Universal loss and gain characterization inside photonic integrated circuits

TL;DR

This paper introduces a universal, nondestructive method to measure loss and gain inside photonic integrated circuits using nonlinear optical devices, significantly improving characterization precision and aiding complex circuit optimization.

Contribution

The authors present a novel technique leveraging nonlinear optical devices to nondestructively characterize loss and gain at the component level within PICs, with high precision and broad applicability.

Findings

Achieved measurement precision better than 0.1 dB.

Successfully characterized loss of fiber-chip coupling and unknown devices.

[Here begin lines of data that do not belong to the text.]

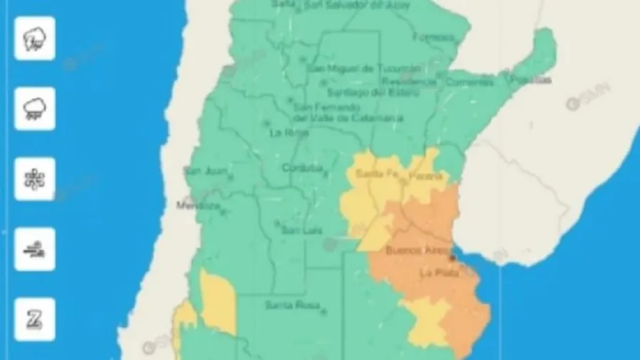 El Servicio Meteorológico Nacional (SMN) reactivó la alerta en el Área Metropolitana de Buenos Aires (AMBA) y en el sur de Santa Fe y Entre Ríos, Córdoba, San Luis y Corrientes, luego de que pronosticaran una fuerte presencia de lluvias y vientos, así como tampoco se descarta la presencia de granizo caigan del cielo a lo largo del día.
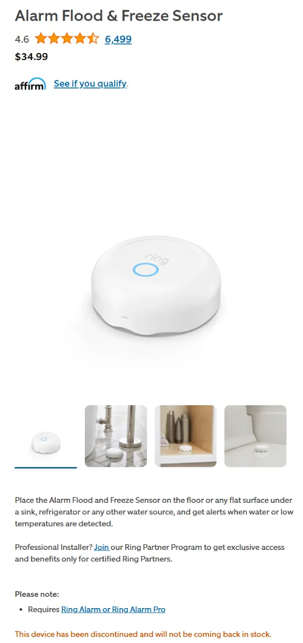 The dedicated page for the Alarm Flood & Freeze Sensor shows a similar status, despite Ring still actively marketing bundles that previously included it.
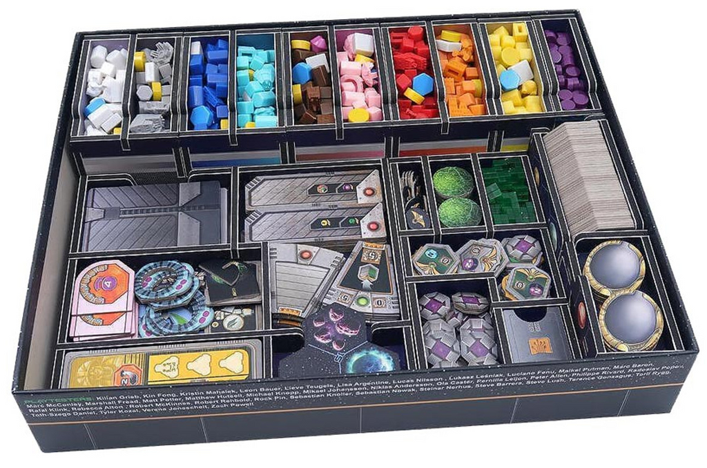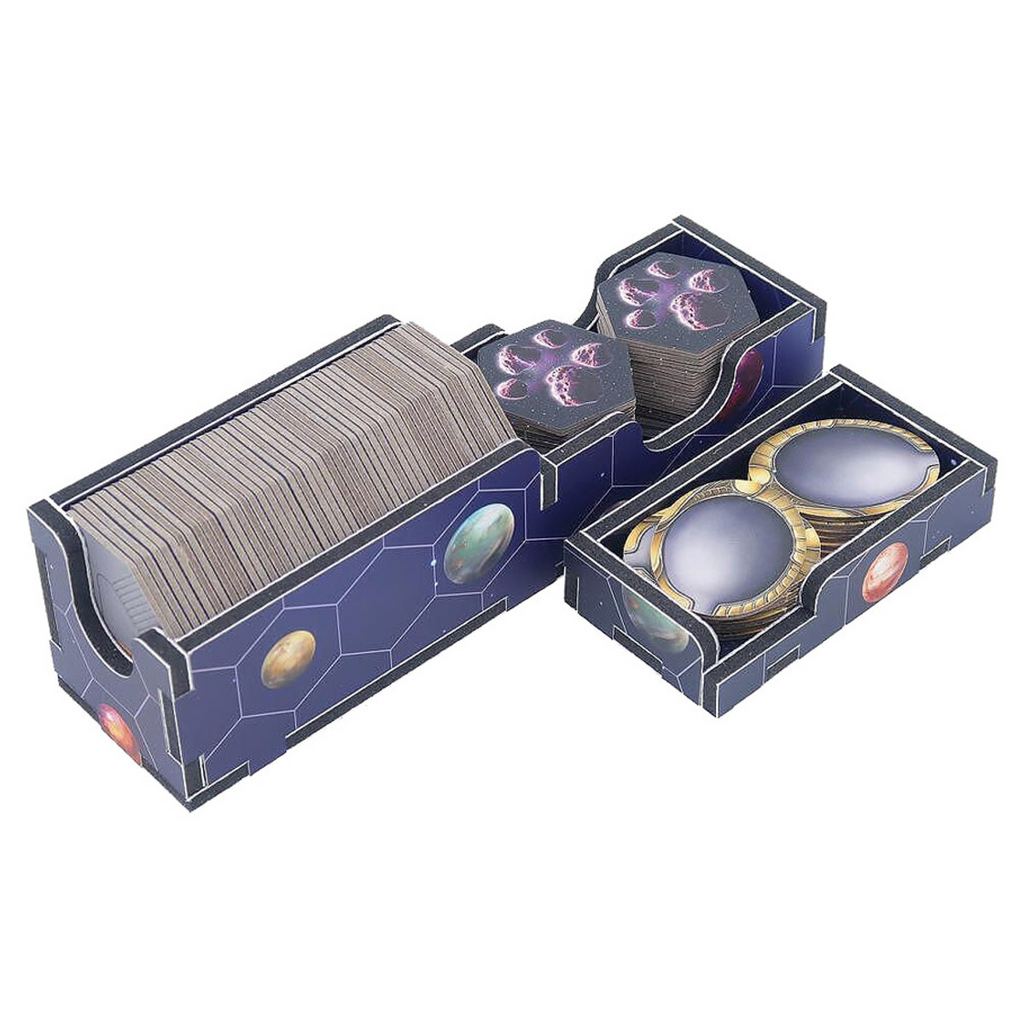 Full color insert compatible with Gaia Project®, including space for The Lost Fleet® expansion. The design provides both efficient storage and improved game play. Many of the trays can be utilized during the game, and they greatly aid set-up and clear-away times. The rules and boards act as a lid on top of the trays. The full color print really brings the trays to life, tying them in with the theme of the game and making it easier to see which components go where.
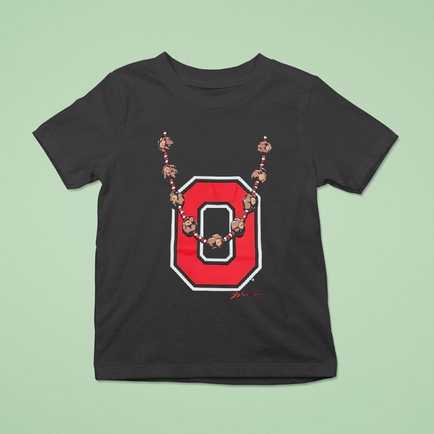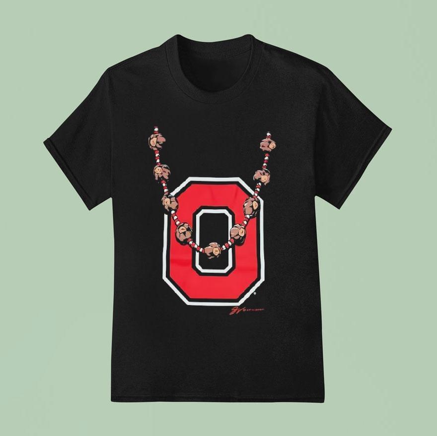 Classic tee, modern comfort with Ohio State Buckeyes Football Necklace Shirt, show off your team pride with the stylish and unique Ohio State Buckeyes Football Necklace Shirt. This officially licensed shirt features a bold football necklace design, making it the perfect addition to any Buckeyes fan’s wardrobe. Get ready to cheer on your team in style with this eye-catching shirt.

Demonstrated measurement of quantum efficiency in a quantum PIC.

Abstract

Integrated photonics has undergone tremendous development in the past few decades, transforming many fields of study in science and technology. Loss and gain are two fundamental elements in photonic circuits and have direct impacts on nearly all key performance metrics. Surprisingly, the tools to characterize the optical loss and gain inside photonic integrated circuits (PICs) are very limited. This is because, unlike free-space or fiber optics, integrated circuits cannot be nondestructively disassembled. Here, we report a universal method to see inside the photonic integrated circuits and measure loss and gain on the component level nondestructively. The method leverages nonlinear optical devices as optical power discriminators to retrieve the loss and gain information inside the PICs. Our method has a precision better than 0.1 dB, and can characterize the loss of individual fiber-chip coupling facet and general unknown devices under test. As a demonstration of applications, we measured the true on-chip quantum efficiency of a quantum PIC consisting of heterogeneously integrated balanced photodiodes, a critical building block for integrated quantum technology. Our method can be implemented on different photonic platforms, and can be used to understand gain and loss in complex photonic circuits, which is essential to optimize circuit design and to create large-scale systems with predictable, reproducible performance.